- EXERCISE DATA -
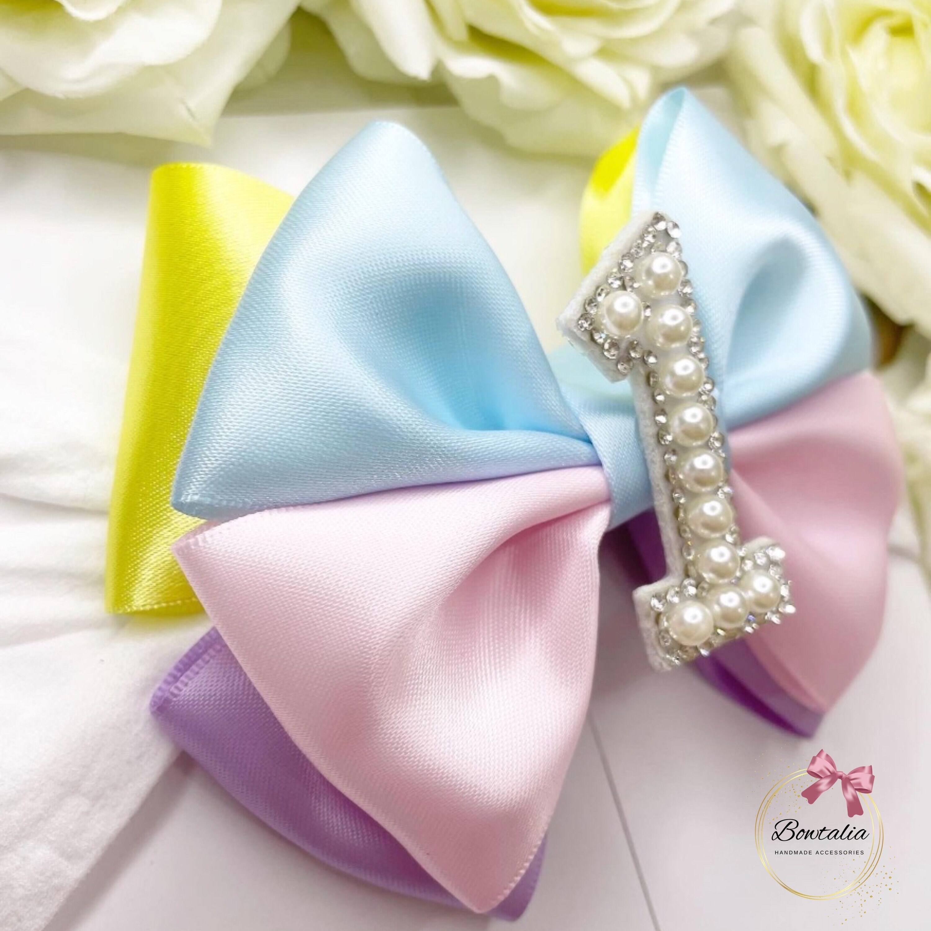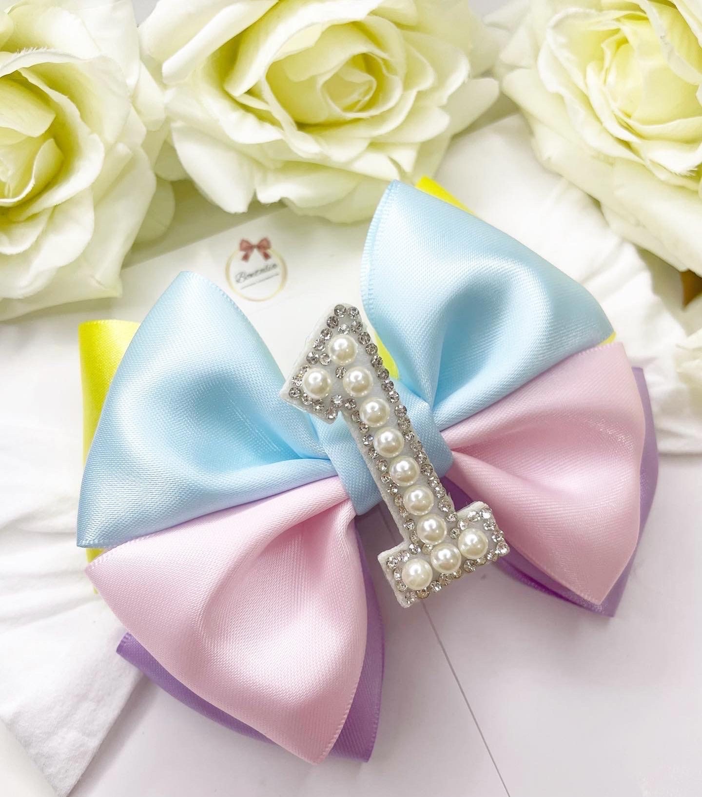 A stunning multi-coloured double layer birthday bow. Perfect for birthdays.
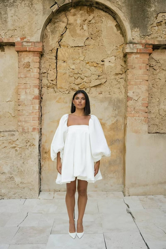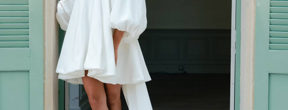 La longueur mini, associée à un volume maxi, crée un contraste saisissant qui attire tous les regards. La sobriété du crêpe de soie vient équilibrer cette silhouette forte, lui insufflant douceur et pureté.
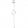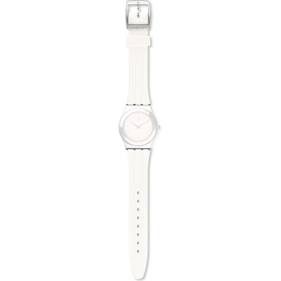 Esta bracelete de relógio Swatch é feita de silicone e está fixada ao relógio através de pinos em aço. A bracelete tem uma largura de 17 mm e fecha através de fecho. A bracelete não tem uma montagem a direito, o que significa que esta bracelete só é adequada para os relógios listados abaixo.
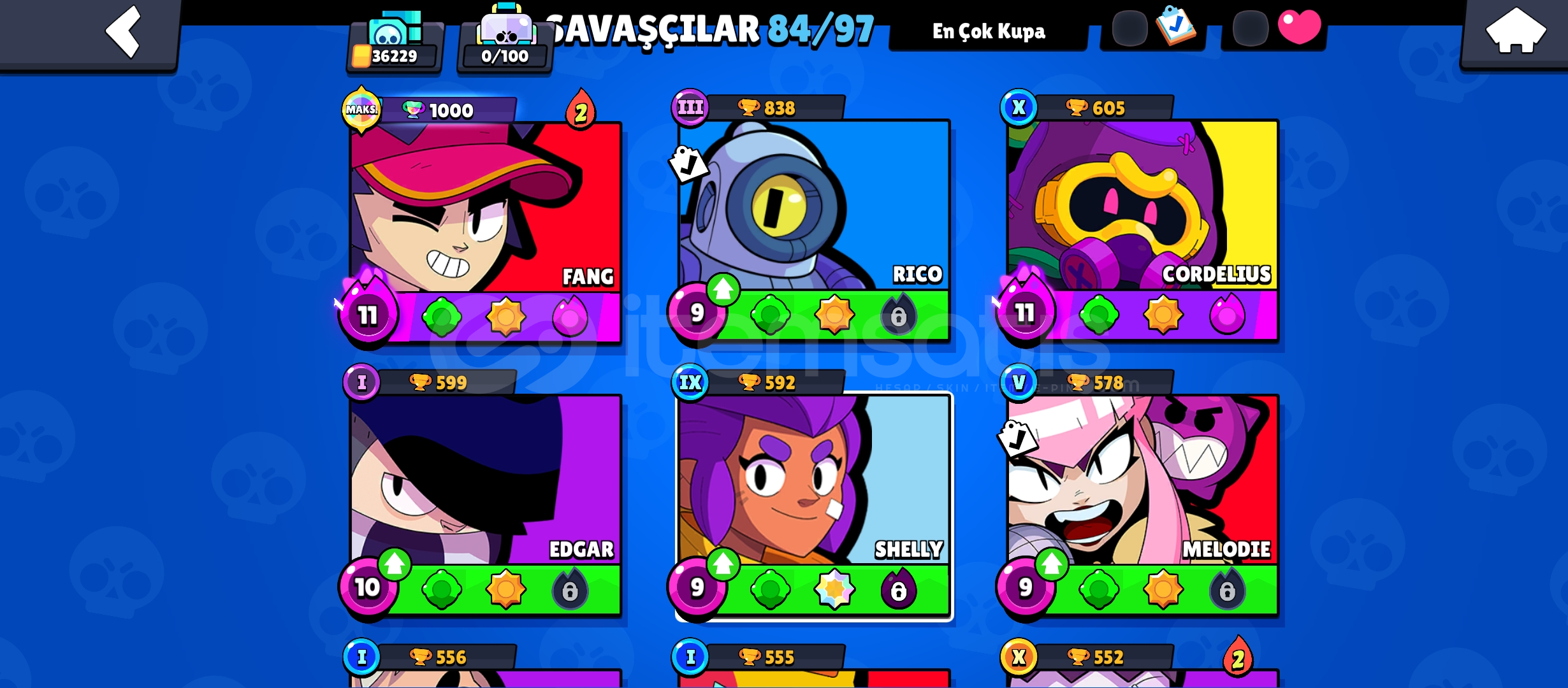 Brawl stars hesap hesapda 84 karakter büssürü deherli kostum 36k kupali hesap
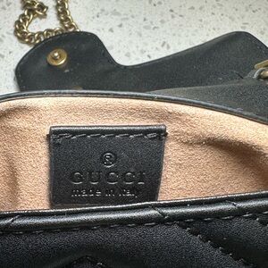 Chic black mini bag with signature gold GG logo. Stylish chain strap.

- WORK ITEM -
Print out every entry above without changing a word, and leave out the pictures.

- SOLUTION TO THIS TASK -
 A stunning multi-coloured double layer birthday bow. Perfect for birthdays.
 La longueur mini, associée à un volume maxi, crée un contraste saisissant qui attire tous les regards. La sobriété du crêpe de soie vient équilibrer cette silhouette forte, lui insufflant douceur et pureté.
 Esta bracelete de relógio Swatch é feita de silicone e está fixada ao relógio através de pinos em aço. A bracelete tem uma largura de 17 mm e fecha através de fecho. A bracelete não tem uma montagem a direito, o que significa que esta bracelete só é adequada para os relógios listados abaixo.
 Brawl stars hesap hesapda 84 karakter büssürü deherli kostum 36k kupali hesap
 Chic black mini bag with signature gold GG logo. Stylish chain strap.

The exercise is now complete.